I never really understood the appeal of zombie movies before that. Shuffling around, and whatnot. Why are they a threat? I guess it was the thrill of taking one’s head off with a shotgun that people liked to see. Of course, the social commentary between zombies and mall culture in Dawn of the Dead was cool. But beyond that, what was cool or menacing about zombies? Their numbers? Their relentlessness? I’ve never been a big horror fan, so if anyone wants to take a stab (again, no pun) at explaining the appeal in the comments, I’m all ears.

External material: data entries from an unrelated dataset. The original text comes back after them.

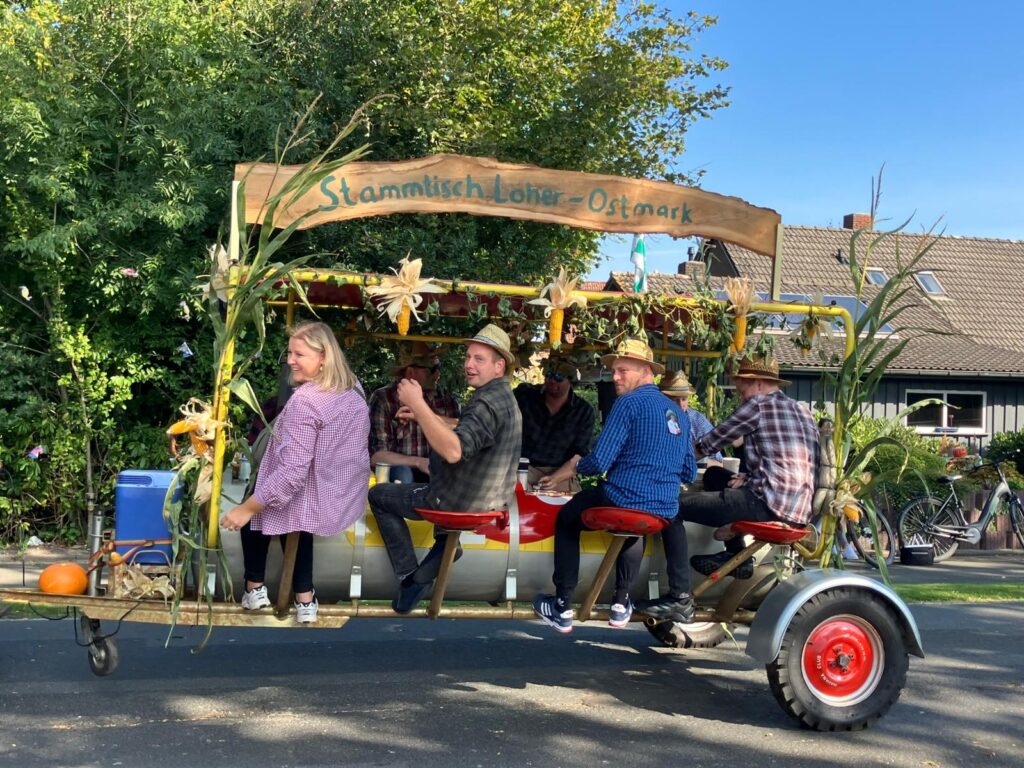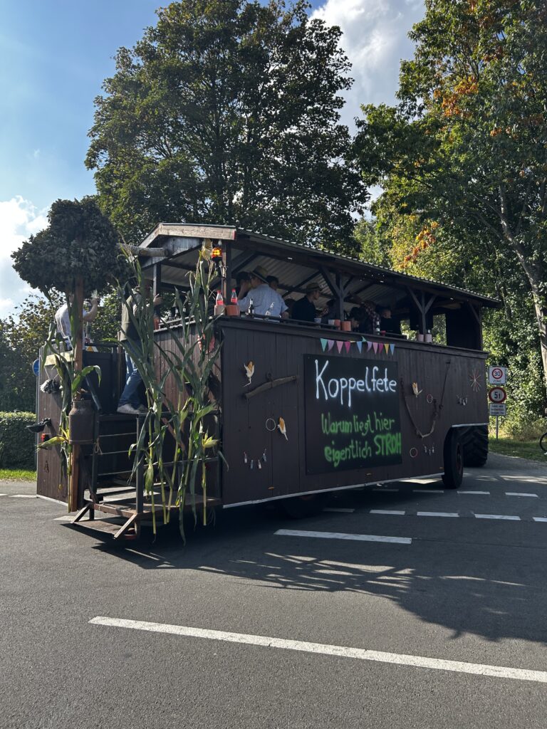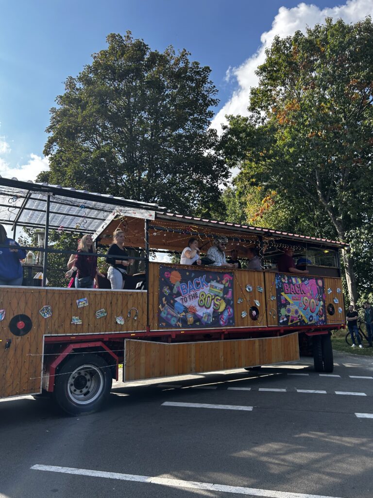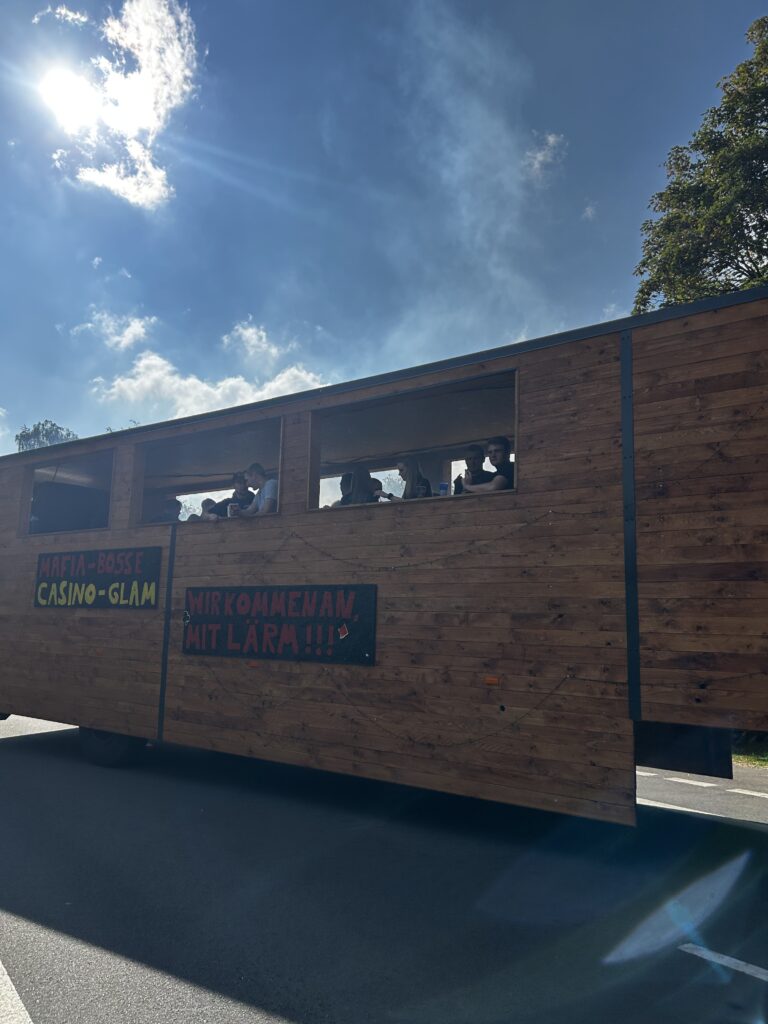 Der Sonntag war wie immer der große Höhepunkt! 15 festlich geschmückte Wagen rollten durch unser Dorf – jeder mit viel Liebe zum Detail gestaltet. Die Mottos sorgten für so manchen Lacher am Straßenrand: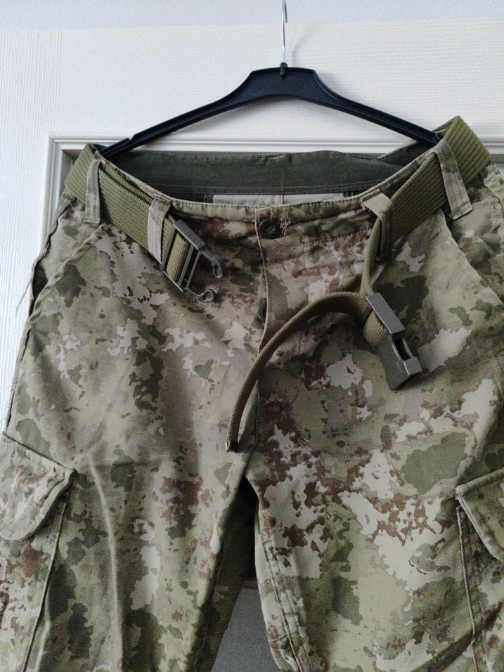 Kemerli, kamuflaj desenli, sentetik kumaştan üretilmiş, rahat kesim erkek mini şort. Sokak stili ve açık hava aktiviteleri için uygundur.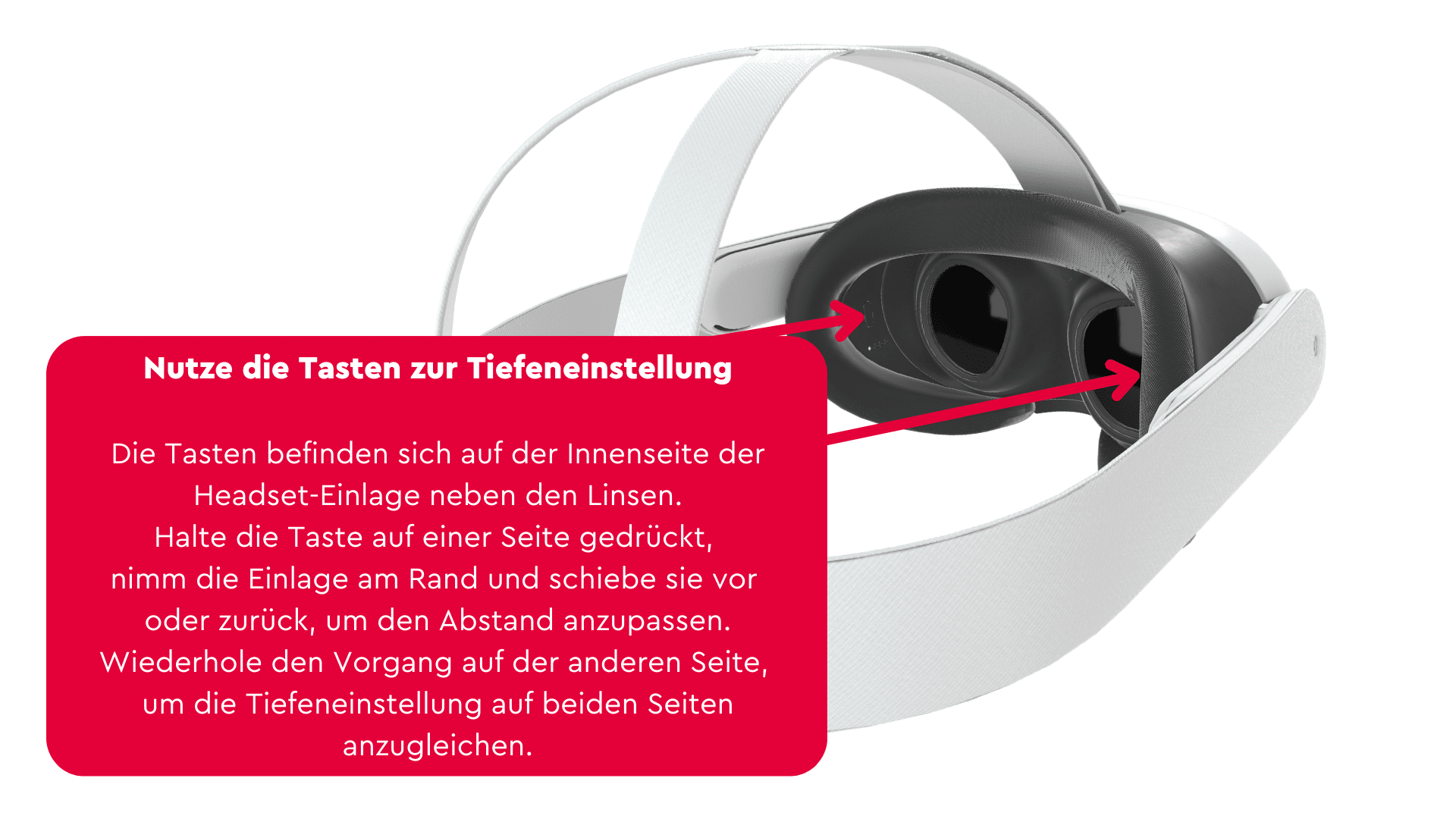 VR Brille scharf stellen - Dazu als erstes die Brille auf dem Kopf leicht hin und her bewegen, danach gegebenenfalls noch Augenabstand verändern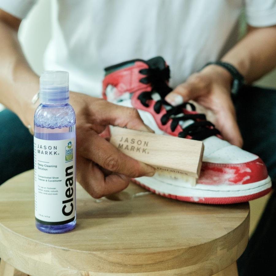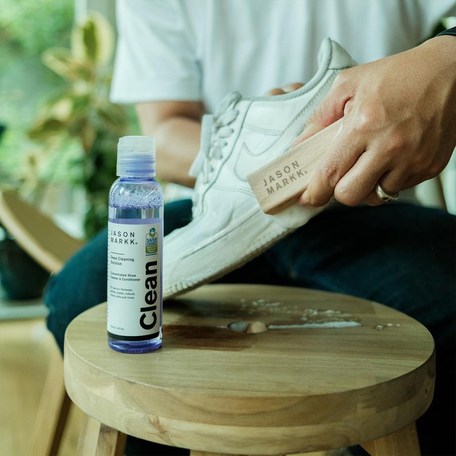 ジェイソンマークの8oz ディープクリーニングソリューションは、シューズやウェアに深く入り込んだ汚れを浮かせて落とす洗浄力に優れた濃縮タイプの洗剤です。優しく泡立つ洗剤が、素材を傷めることなく汚れを落とし、コンディショニング効果で風合いも保ちます。レザー、スウェード、ヌバック、キャンバス、コットン、ニットなどの様々な素材や色に安心してご使用いただけます。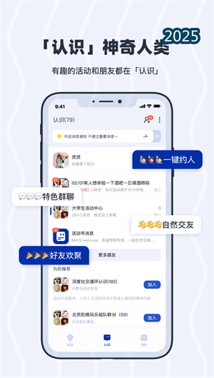 认识APP最显著的特色在于其将“活动”本身设计为最核心的社交场景和连接介质。传统的社交应用往往从“人”出发,容易陷入空洞的聊天;而认识APP则从“事”(共同感兴趣的活动)出发,为用户提供了丰富、具体、有即时性的社交话题和见面理由。无论是展览市集的审美共鸣,还是运动户外的协作乐趣,都为 “自然交友” 创造了绝佳条件。这种 “场景先行” 的设计,极大地提高了社交的有效性和成功率,使得线上互动能够顺畅、无压力地转化为线下的真实见面与好友欢聚。

As much as I liked the original 28 Days Later, I wonder if the sequel can live up to it’s predecessor. The rumor is that the producers threw a bunch of money at Cillian Murphy to reprise his role and (I think) have him come back as a zombie. Is that right? No dice, though because he turned them down.
I don’t really think that Murphy’s involvement is a requirement to make 28 Weeks Later a success. After all, there were no real big name actors in the first movie, so this one will probably do just fine. It just makes me wonder if that would have been an insurance policy of sorts for the producers or if it’s a sign that they don’t have faith in what they have script-wise.
For me it’ll be wait-and-see. I saw the first 28 Days Later on DVD. It’ll probably be the same for 28 Weeks Later. I’m too much of a wuss. I need to pause the movie and get a soda sometimes. I can’t do that in the theater. Oh, well.